Location Information

  • 13q31.3-q32.1
  • GRCh37/hg19 chr13: 93,879,061-95,060,274
  • View: NCBI | Ensembl | UCSC
  • GRCh38/hg38 chr13: 93,226,808-94,408,020
  • View: NCBI | Ensembl | UCSC
Select assembly: (NC_000013.10) (NC_000013.11)
  • Haploinsufficiency score: Gene associated with autosomal recessive phenotype
  • Strength of Evidence (disclaimer): Gene associated with autosomal recessive phenotype
  • Haploinsufficiency Phenotype: OMODYSPLASIA 1; OMOD1

Haploinsufficiency phenotype comments:

Appears to be linked only to autosomal recessive omodysplasia (OMIM #258315) with compound heterozygous or homozygous mutations resulting in absence of a functional protein.

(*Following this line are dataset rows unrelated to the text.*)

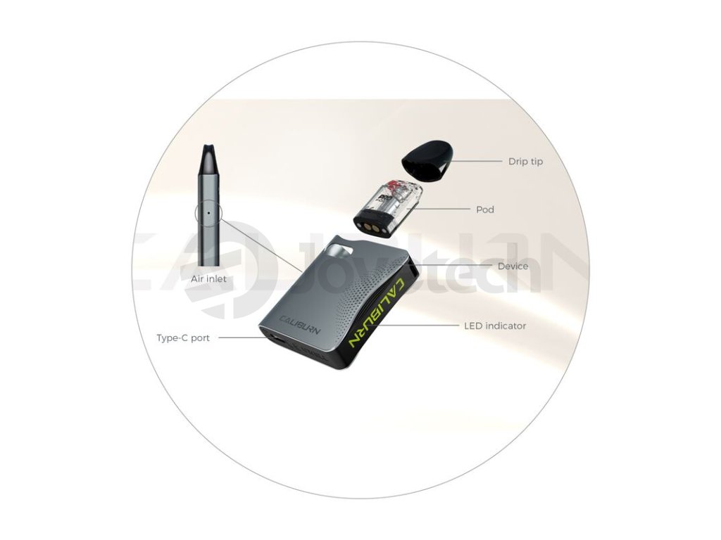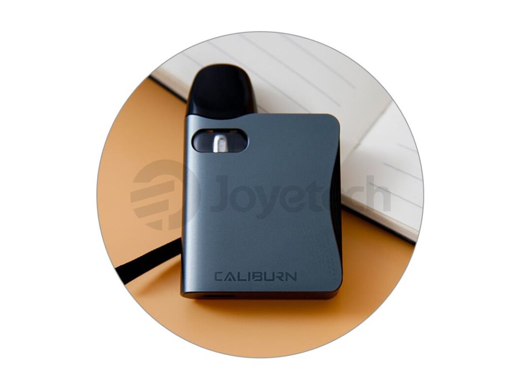 V boční části se nachází unikátní LED indikace, která slouží pro snadné zjištění stavu baterie. Podsvícené logo CALIBURN v boční části je navíc vybaveno stylovou animací, která se spustí po ukončení potahu. Logo začne měnit svou barvu a dodá celé e-cigaretě futuristické vzezření. Funkci animace bočního panelu si navíc můžete v případě potřeby kdykoliv deaktivovat, postačí jen třikrát odpojit cartridge od těla.
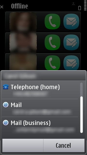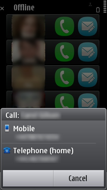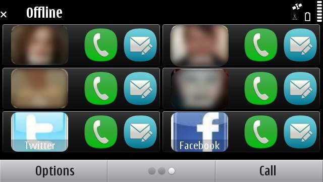 A corner stone of any widget set is the contacts widget. Whether you want the favourite people in your personal life, your work contacts, or just your most frequently contacted people; a screen full of the faces to frequently connect with is essential. The favourite contacts widget in Symbian^3 comes in the form of a horizontally scrolling list of contact images. This is an adequate approach, but it's also limiting. For example, only up to four contacts can ever be shown at once.
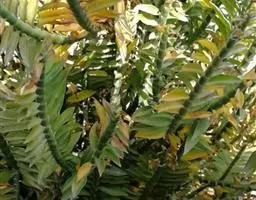 虎刺梅:别称铁海棠,是蔓生灌木植物。茎多分枝,长60-100厘米,直径5-10毫米,具纵棱,密生硬…
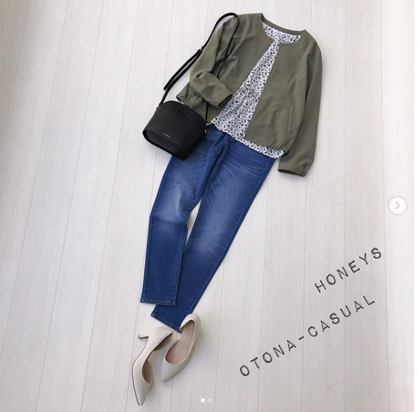 #ブラウス #小花柄 #モノトーン #ペプラム #カーキ #春アウター #カーキ #デニム #スキニー #大人カジュアル #春 #春コーデ #spring #springstyle #Honeys #ハニーズ #fashion #R_fashion #ootd #プチプラ #高見え #置き画 #置き画くら部 #きょコ #ハニマニ #ハニジョ

  • Triplosensitivity score: 0
  • Strength of Evidence (disclaimer): No evidence for dosage pathogenicity
Evidence for gain of function phenotype
PubMed ID Description
19941983 van der Zwaag (2010): Describes a larger (5.5 Mb) duplication including GPC6 and 10 others. Paper suggests that GPC6 and/or GPC5 may represent the critical duplicated gene(s) for the postaxial polydactyly type A2 phenotype(PAP-A2; OMIM 602085).

Triplosensitivity phenotype comment:

No focal duplications in the literature for interpretation of significance. See van der Zwaag et al (2010) for description of larger duplication.